Fiscal stimulus package for green recovery: CSE’s new report argues that to maximise emissions gains from this initiative, it is important to prioritise the scrappage of old heavy-duty vehicles and replace them with BSVI vehicles. Also, if the stimulus package is extended to personal vehicles (two-wheelers and cars), then the public incentive programme along with voluntary incentives from the industry should be linked with electric vehicles. This is needed as an accelerator to stay on course to meet the target of 30-40 per cent electrification of the fleet by 2030.
Also, for national-level implementation, additional criteria for identifying grossly polluting and unfit vehicles based on fitness and roadworthiness, damaged vehicles, emissions performance etc are needed to guide the nation-wide programme. Age caps can work in pollution hotspots.
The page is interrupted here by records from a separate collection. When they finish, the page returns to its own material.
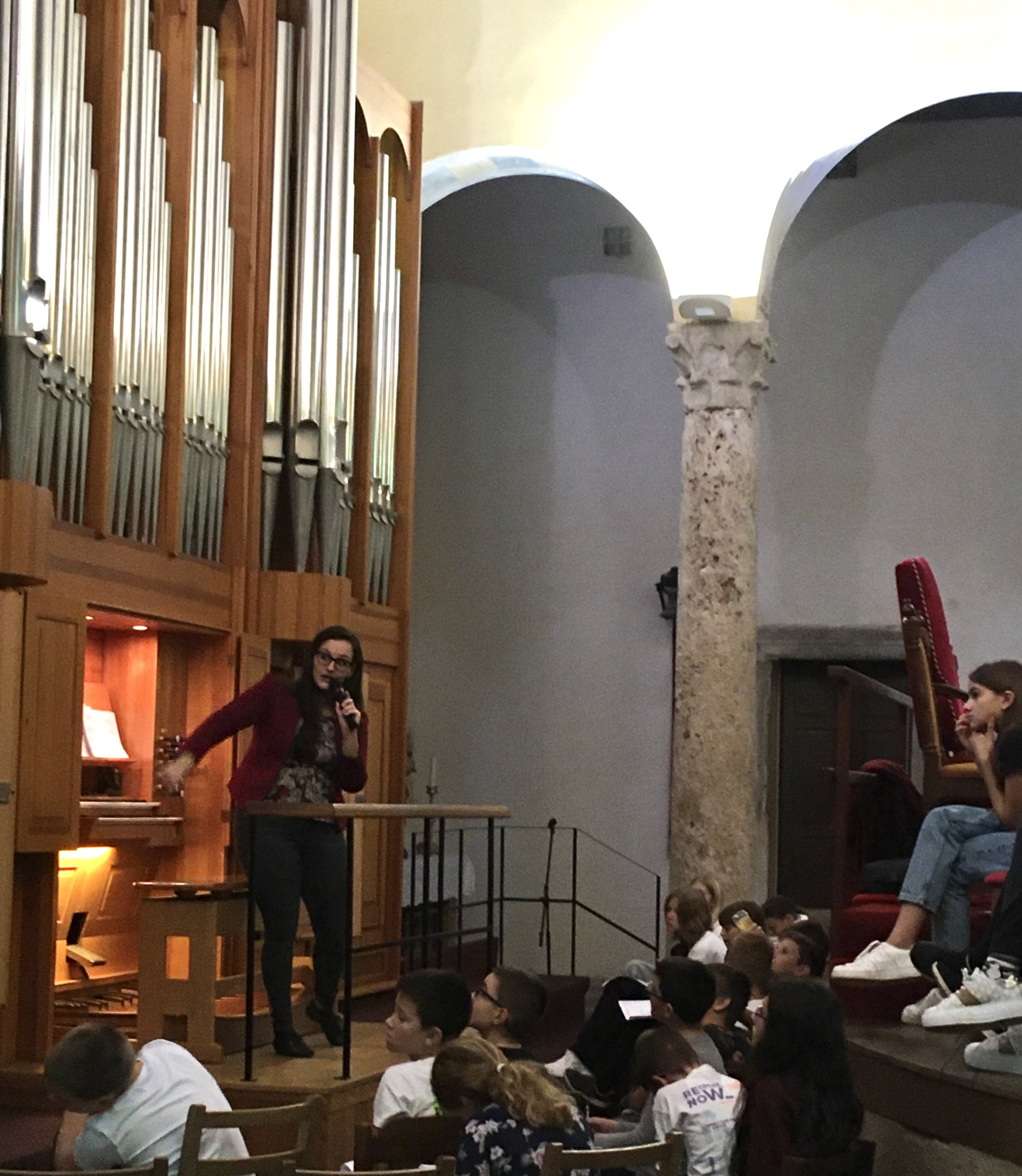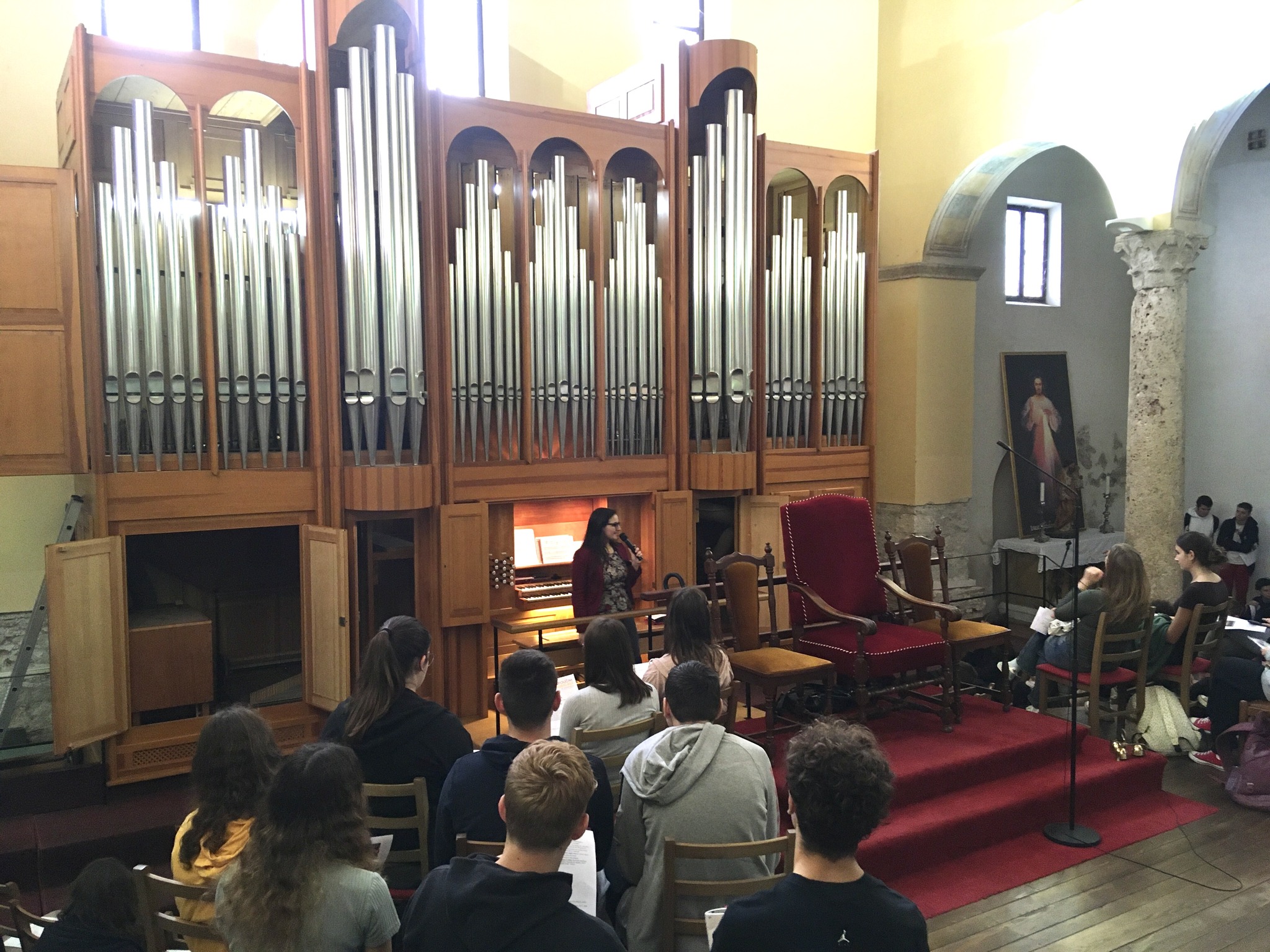 Iznimno poučno i zanimljivo nesvakidašnje predavanje o orguljama održala je pulska orguljašica s amsterdamskom adresom Elena Roce. U 3 termina Glazbenog poučka više od 200 učenika OŠ Šijana i Veruda te Gimnazije Pula pozorno je slušalo i sudjelovalo s različitim pitanjima o ovoj kraljici instrumenata, a oni malo hrabriji i znatiželjniji pokušali su i sjesti za orgulje i isprobati ih.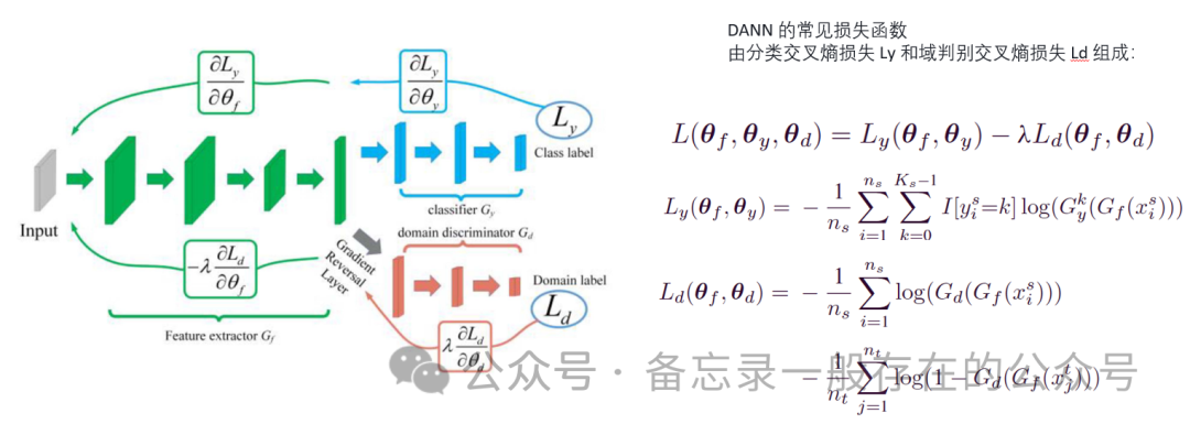Θf,θy,θd分别是他们的参数,由于源域输进去的图片或者信号有label,因此可以算出他们的Loss。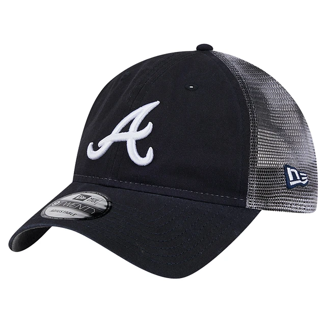 Men's New Era Navy Atlanta Braves Team Slick Trucker 9TWENTY Adjustable Hat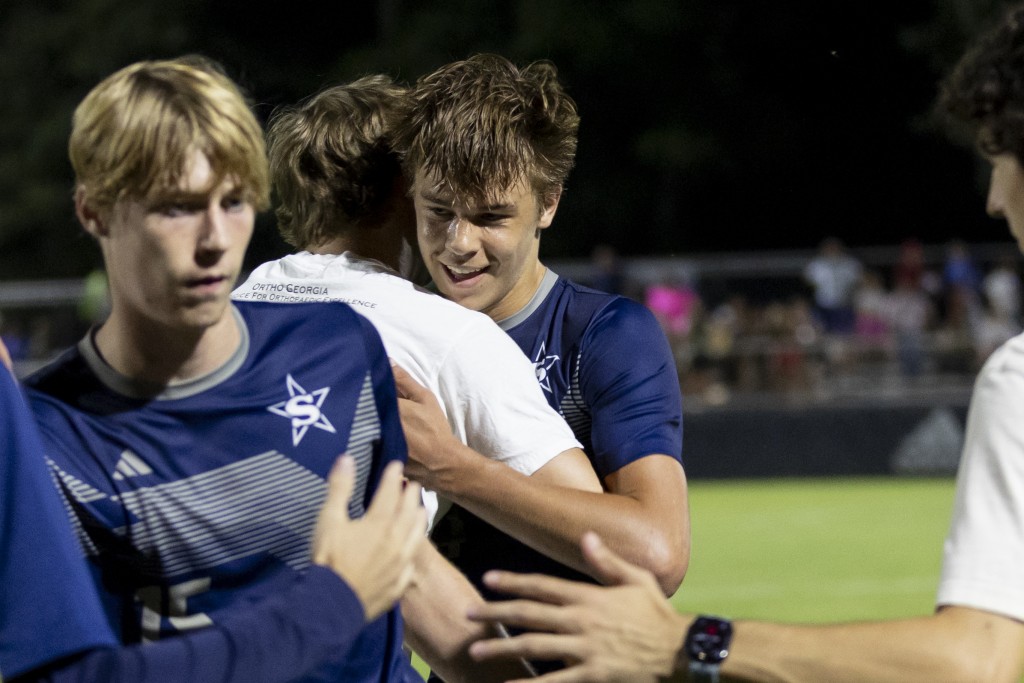 Stratford’s Brady Flournoy (24) hugs friends after scoring the game-winning goal during a GIAA playoff game against Calvary Christian School on Thursday. The Eagles defeated the Knights 1-0. (Jessica Gratigny / For The Melody)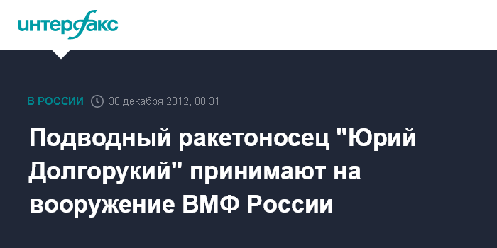 Москва. 30 декабря. ИНТЕРФАКС-АВН - Головной атомный подводный крейсер стратегического назначения "Юрий Долгорукий" проекта 955 "Борей" 30 декабря войдет в состав ВМФ России, сообщили "Интерфаксу-АВН" в оборонно-промышленном комплексе.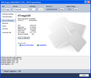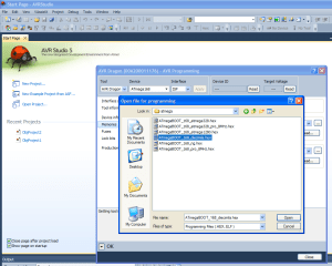 You’ll also want some version of AVR Studio. In this I used 5.1 but I know it works with AVR Studio 4, since my previous article involved Studio 4. The thing to note is that v4.x and v5.x want different versions of the Dragon firmware, so if you want to go back and forth between 4.x and 5.x you’ll have to keep re-flashing the Dragon too. That’s a pain in the ass.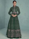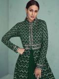 Elevate your festive wardrobe adorning this green color jacketed kameez in georgette. Furnished using zari and thread work embroidery with stones all over. Assembled with a matching chiffon dupatta and a matching bottom in shantoon. Note: Accessories shown are for styling purpose only. Slight color variation may occur due to photographic reasons. The semi-stitched kameez can be customised upto 42 inches.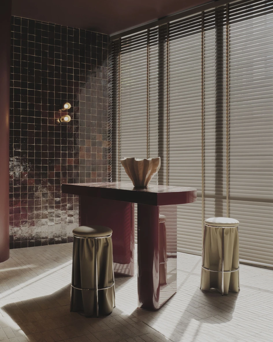 Its adjacent sibling, bar tilda, offers an elegant cocktail bar experience for hotel guests and locals, from morning till late nights. This all-day and late-night service heavily influenced the material palette, balancing light, textured fabrics against the backdrop of deep burgundy hues, creates a versatile ambience that can shift from light-filled days to intimate and moody evenings. A nostalgic setting for cocktail enthusiasts, bar tilda features an elaborate whisky collection displayed in an armoire-inspired cabinet referencing the mid-century design heritage of the hotel. Dramatic drapery to the host desk and timber venetian blinds along the street-facing windows were added to pique the interest of passers-by.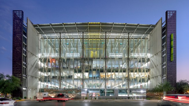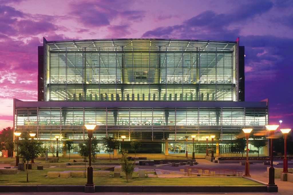 BruderDWLarchitects completed the 280,000-square-foot project in 1995, housing the library’s 1 million–volume collection within a sculptural, weathered copper–clad exterior inspired by Arizona’s flat-topped mesas. Patrons can enter the five-story library through one of two entrances that feed into a 90-foot-tall skylight atrium. Glass elevators and a translucent staircase carry visitors to each of the five floors.

Policies on junk vehicles evolving in India – need stronger steps to upscale scrappage infrastructure: Polices related to older vehicles have already started to evolve in India. Currently, Section 59 of the amended Central Motor Vehicle Act of 2019 provides for fixing of age and restrictions on the plying of unfit vehicles. But this does not specify the criteria for defining end-of-life vehicles yet.
On the other hand, the CPCB has taken the step to frame the ‘Guidelines on Environmentally Sound Facilities for Handling Processing and Recycling ELVs, 2019’ to minimise environmental hazards from the disposal of old vehicles. The notification of the Draft Vehicle Fleet Modernisation Programme is awaited. These need to be enforceable to scale up scrappage infrastructure across the country.
Tap the global learning curve on green recovery: It is important to draw lessons from the major vehicle producing countries. Despite the pandemic and the resultant economic slow-down, governments across the world — as in Europe – have continued to link their stimulus packages with the electric mobility programme for a green recovery (as in Germany, Spain, Italy and France). The temporary stimulus measures must be leveraged well to maximise emissions gains.